▶ _Exercise objective_:
Restate exactly the lines that run from the start of the records below to the line containing "Тем временем голос", counting both ends, and nothing else; pictures stay out.
*** Data records ***
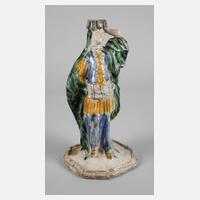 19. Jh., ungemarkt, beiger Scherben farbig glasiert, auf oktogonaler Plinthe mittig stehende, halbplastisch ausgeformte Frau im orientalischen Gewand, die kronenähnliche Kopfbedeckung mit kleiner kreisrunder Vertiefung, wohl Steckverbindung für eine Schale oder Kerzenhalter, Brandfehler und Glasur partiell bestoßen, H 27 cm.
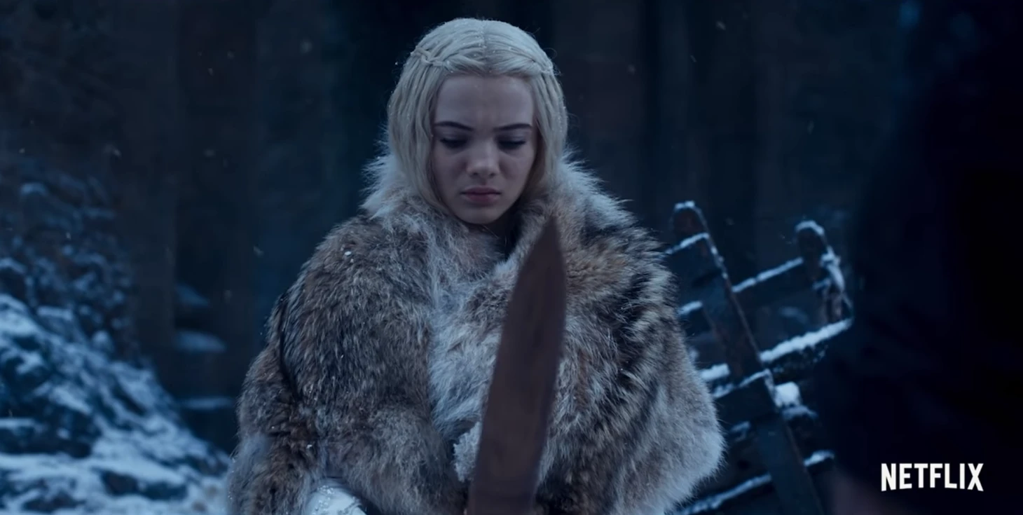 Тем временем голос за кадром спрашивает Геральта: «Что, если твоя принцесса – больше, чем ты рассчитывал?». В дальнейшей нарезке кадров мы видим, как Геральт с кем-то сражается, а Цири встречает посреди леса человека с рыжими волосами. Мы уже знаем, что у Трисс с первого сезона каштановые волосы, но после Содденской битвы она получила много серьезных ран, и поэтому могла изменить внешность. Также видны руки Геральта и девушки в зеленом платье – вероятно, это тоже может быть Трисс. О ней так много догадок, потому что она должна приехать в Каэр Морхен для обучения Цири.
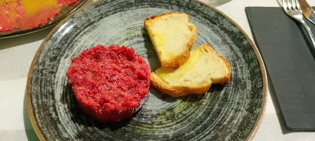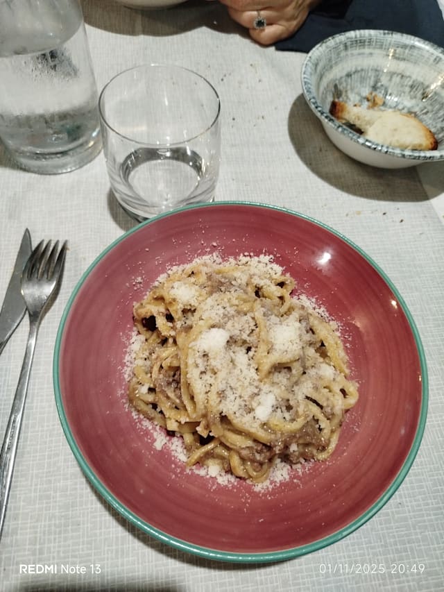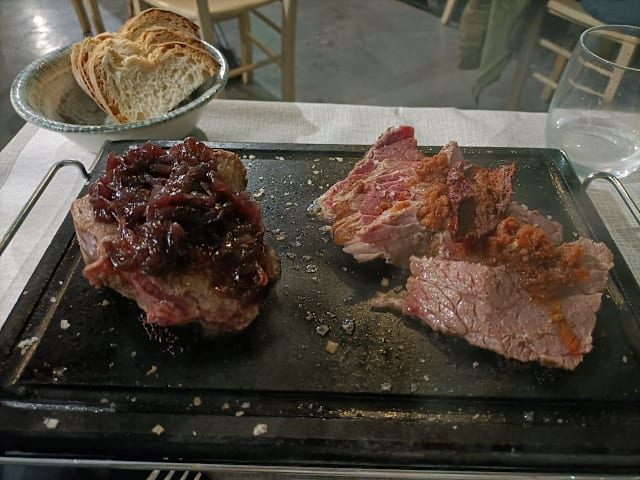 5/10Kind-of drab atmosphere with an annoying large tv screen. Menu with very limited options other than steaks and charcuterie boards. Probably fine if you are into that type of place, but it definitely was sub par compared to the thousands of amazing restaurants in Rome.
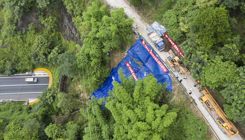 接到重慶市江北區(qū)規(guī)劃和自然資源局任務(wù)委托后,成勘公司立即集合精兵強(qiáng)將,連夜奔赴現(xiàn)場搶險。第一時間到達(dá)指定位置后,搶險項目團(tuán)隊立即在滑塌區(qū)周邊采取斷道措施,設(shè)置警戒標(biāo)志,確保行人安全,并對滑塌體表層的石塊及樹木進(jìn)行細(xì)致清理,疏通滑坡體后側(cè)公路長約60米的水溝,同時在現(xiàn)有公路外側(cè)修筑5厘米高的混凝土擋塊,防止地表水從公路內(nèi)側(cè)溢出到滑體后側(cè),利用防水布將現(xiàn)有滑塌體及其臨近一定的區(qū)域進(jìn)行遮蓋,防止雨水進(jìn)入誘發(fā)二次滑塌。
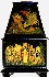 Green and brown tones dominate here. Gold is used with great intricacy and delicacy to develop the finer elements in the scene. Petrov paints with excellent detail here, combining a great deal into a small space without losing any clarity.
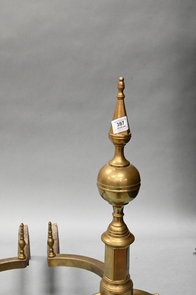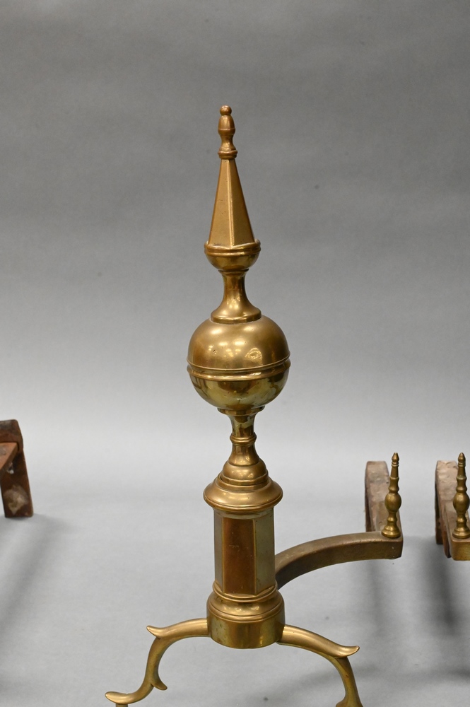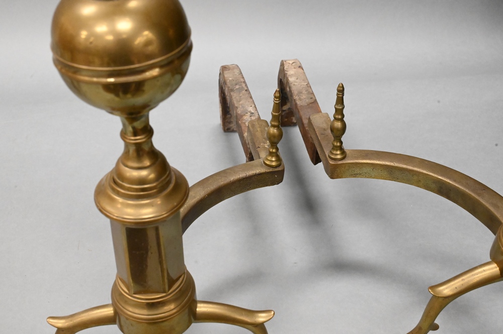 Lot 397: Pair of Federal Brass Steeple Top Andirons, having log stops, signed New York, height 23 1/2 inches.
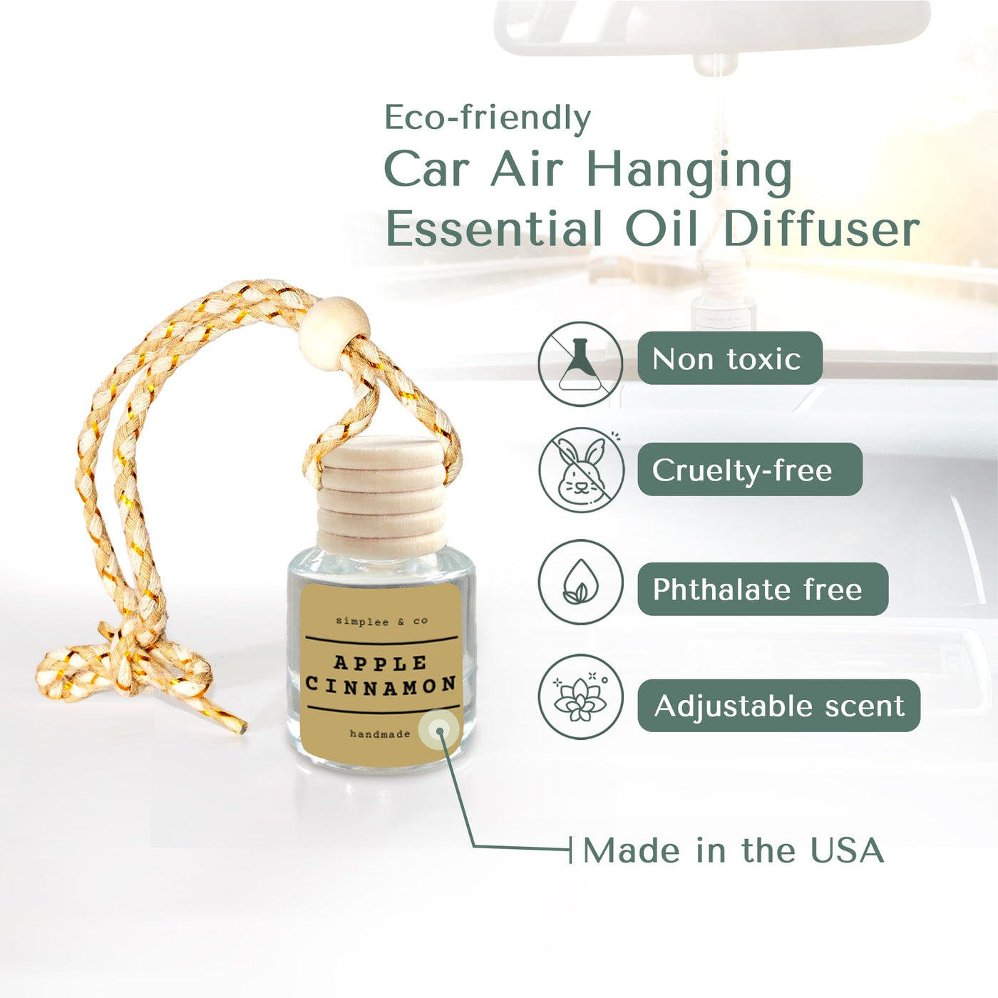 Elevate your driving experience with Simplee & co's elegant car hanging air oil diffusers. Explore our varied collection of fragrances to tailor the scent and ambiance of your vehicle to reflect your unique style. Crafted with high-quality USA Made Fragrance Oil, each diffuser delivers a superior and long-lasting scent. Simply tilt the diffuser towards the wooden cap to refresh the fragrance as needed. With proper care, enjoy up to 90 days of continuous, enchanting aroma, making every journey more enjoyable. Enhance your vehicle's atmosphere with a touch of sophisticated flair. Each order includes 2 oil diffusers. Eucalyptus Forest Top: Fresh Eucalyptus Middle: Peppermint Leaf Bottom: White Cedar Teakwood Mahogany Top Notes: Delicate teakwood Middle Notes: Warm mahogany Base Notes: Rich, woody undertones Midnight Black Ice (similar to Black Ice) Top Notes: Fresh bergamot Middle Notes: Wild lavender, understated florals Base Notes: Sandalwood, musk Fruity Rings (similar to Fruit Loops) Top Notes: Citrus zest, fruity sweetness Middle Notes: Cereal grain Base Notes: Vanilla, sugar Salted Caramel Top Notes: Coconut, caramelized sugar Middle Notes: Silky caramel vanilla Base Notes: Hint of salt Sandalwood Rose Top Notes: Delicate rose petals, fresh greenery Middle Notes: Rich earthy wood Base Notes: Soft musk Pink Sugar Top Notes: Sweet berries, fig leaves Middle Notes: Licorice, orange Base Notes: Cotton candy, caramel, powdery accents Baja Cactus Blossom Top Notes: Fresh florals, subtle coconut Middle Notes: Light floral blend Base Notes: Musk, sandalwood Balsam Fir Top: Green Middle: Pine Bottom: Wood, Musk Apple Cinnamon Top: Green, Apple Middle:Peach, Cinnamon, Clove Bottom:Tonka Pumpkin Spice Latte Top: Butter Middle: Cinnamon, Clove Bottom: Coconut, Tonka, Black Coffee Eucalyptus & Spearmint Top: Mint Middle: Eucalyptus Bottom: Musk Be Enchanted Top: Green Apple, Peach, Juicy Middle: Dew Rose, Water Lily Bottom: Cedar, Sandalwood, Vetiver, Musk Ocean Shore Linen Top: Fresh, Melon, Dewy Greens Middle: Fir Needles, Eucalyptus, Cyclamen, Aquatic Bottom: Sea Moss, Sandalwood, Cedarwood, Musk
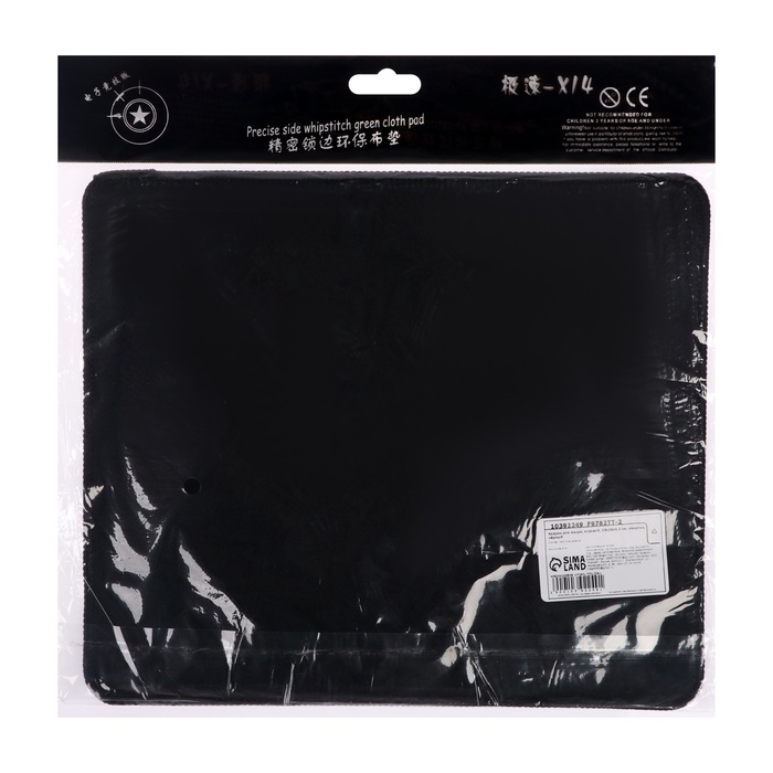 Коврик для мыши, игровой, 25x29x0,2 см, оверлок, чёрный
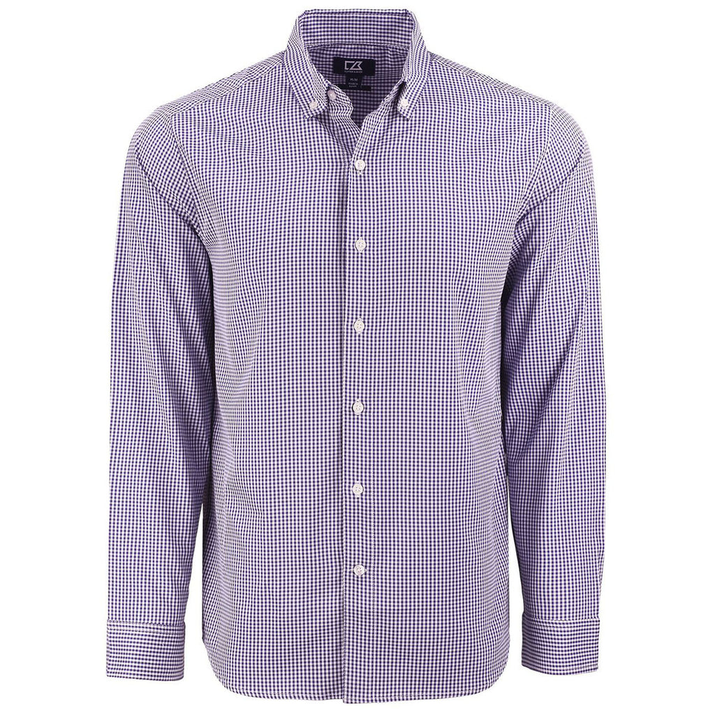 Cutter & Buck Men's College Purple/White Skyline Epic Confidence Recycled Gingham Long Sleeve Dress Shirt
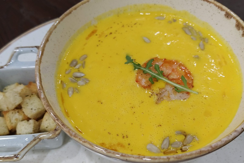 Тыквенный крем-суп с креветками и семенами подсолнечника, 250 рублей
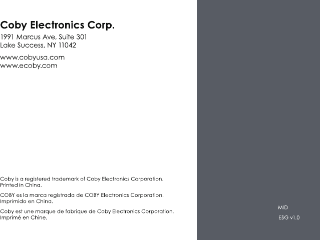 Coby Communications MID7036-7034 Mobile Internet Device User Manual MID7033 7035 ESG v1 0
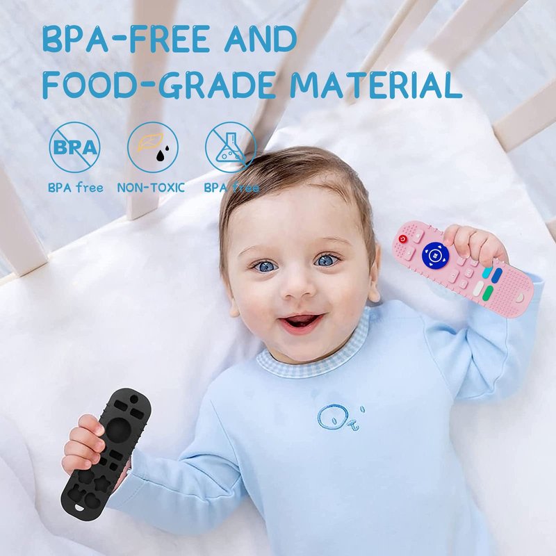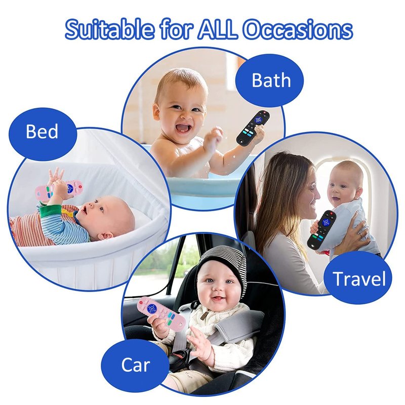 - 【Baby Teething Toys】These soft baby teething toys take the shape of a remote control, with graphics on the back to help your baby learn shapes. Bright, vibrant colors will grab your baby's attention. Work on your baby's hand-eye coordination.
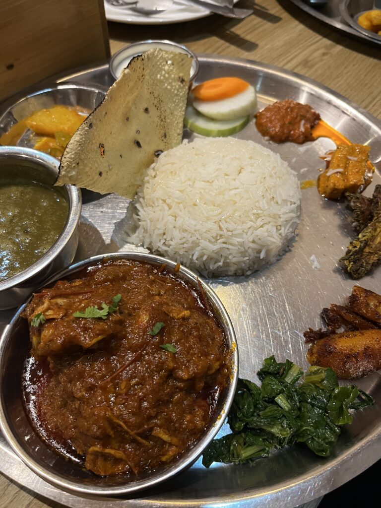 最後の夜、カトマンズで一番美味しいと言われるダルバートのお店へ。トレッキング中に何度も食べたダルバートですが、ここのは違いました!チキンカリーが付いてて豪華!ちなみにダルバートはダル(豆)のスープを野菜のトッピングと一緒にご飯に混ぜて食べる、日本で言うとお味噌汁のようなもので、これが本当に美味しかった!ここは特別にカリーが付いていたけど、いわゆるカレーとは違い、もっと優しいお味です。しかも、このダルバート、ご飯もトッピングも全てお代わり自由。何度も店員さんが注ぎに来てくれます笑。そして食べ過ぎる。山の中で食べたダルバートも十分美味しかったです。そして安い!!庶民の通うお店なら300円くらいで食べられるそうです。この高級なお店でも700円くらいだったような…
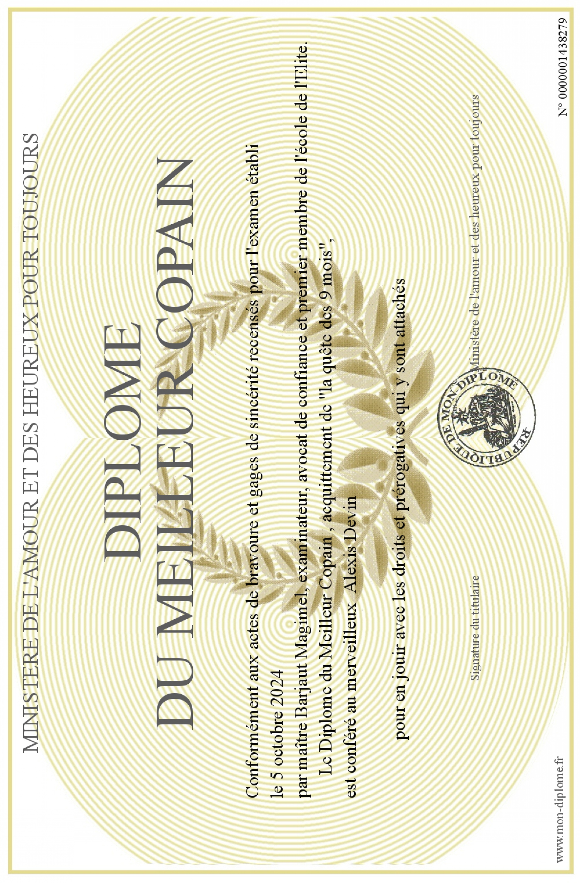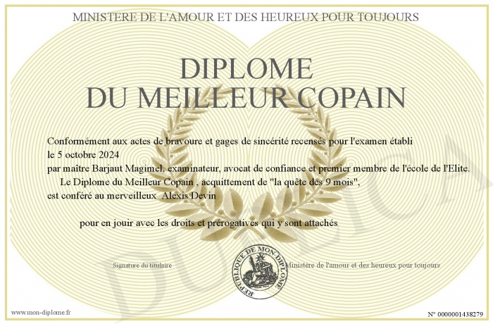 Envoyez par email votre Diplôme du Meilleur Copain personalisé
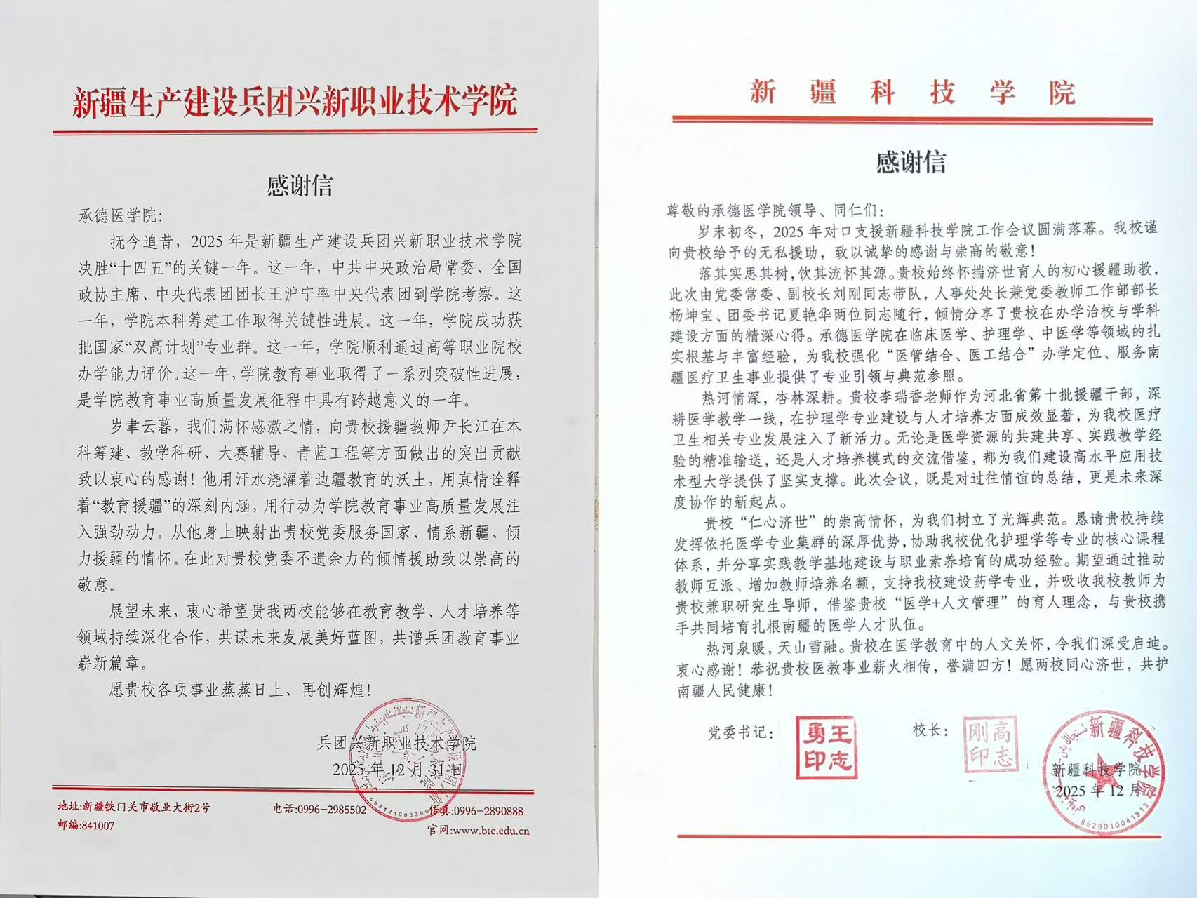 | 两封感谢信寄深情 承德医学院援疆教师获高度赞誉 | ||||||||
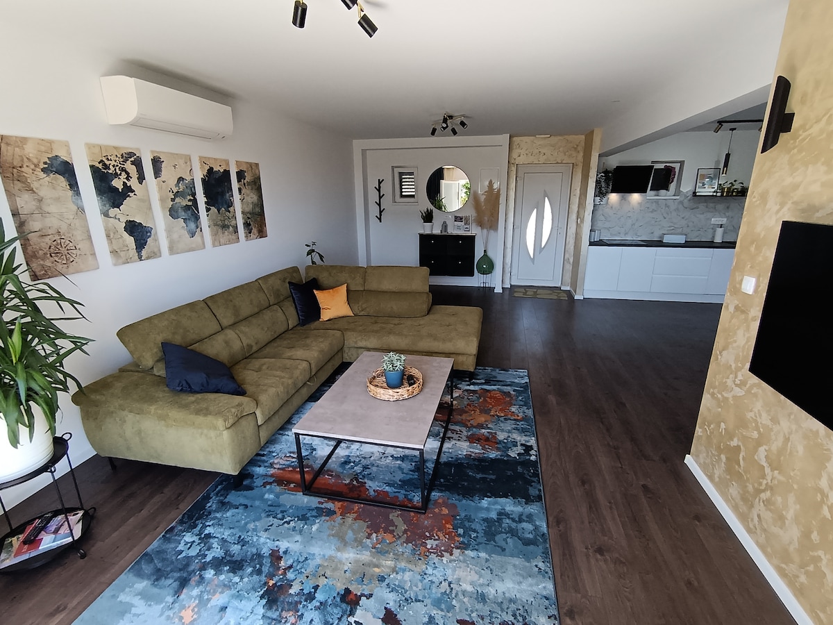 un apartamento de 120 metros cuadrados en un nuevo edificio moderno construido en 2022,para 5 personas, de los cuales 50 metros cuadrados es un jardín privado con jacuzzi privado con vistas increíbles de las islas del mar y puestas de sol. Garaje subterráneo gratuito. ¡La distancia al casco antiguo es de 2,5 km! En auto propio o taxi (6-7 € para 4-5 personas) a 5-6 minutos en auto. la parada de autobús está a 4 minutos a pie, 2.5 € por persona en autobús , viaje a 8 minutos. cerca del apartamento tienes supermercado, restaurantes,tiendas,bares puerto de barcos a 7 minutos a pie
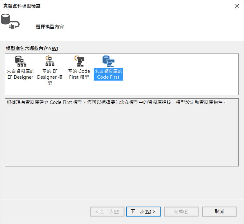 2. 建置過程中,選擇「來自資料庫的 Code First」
*** End of Data records ***
▶ _Exercise answer_:
 19. Jh., ungemarkt, beiger Scherben farbig glasiert, auf oktogonaler Plinthe mittig stehende, halbplastisch ausgeformte Frau im orientalischen Gewand, die kronenähnliche Kopfbedeckung mit kleiner kreisrunder Vertiefung, wohl Steckverbindung für eine Schale oder Kerzenhalter, Brandfehler und Glasur partiell bestoßen, H 27 cm.
 Тем временем голос за кадром спрашивает Геральта: «Что, если твоя принцесса – больше, чем ты рассчитывал?». В дальнейшей нарезке кадров мы видим, как Геральт с кем-то сражается, а Цири встречает посреди леса человека с рыжими волосами. Мы уже знаем, что у Трисс с первого сезона каштановые волосы, но после Содденской битвы она получила много серьезных ран, и поэтому могла изменить внешность. Также видны руки Геральта и девушки в зеленом платье – вероятно, это тоже может быть Трисс. О ней так много догадок, потому что она должна приехать в Каэр Морхен для обучения Цири.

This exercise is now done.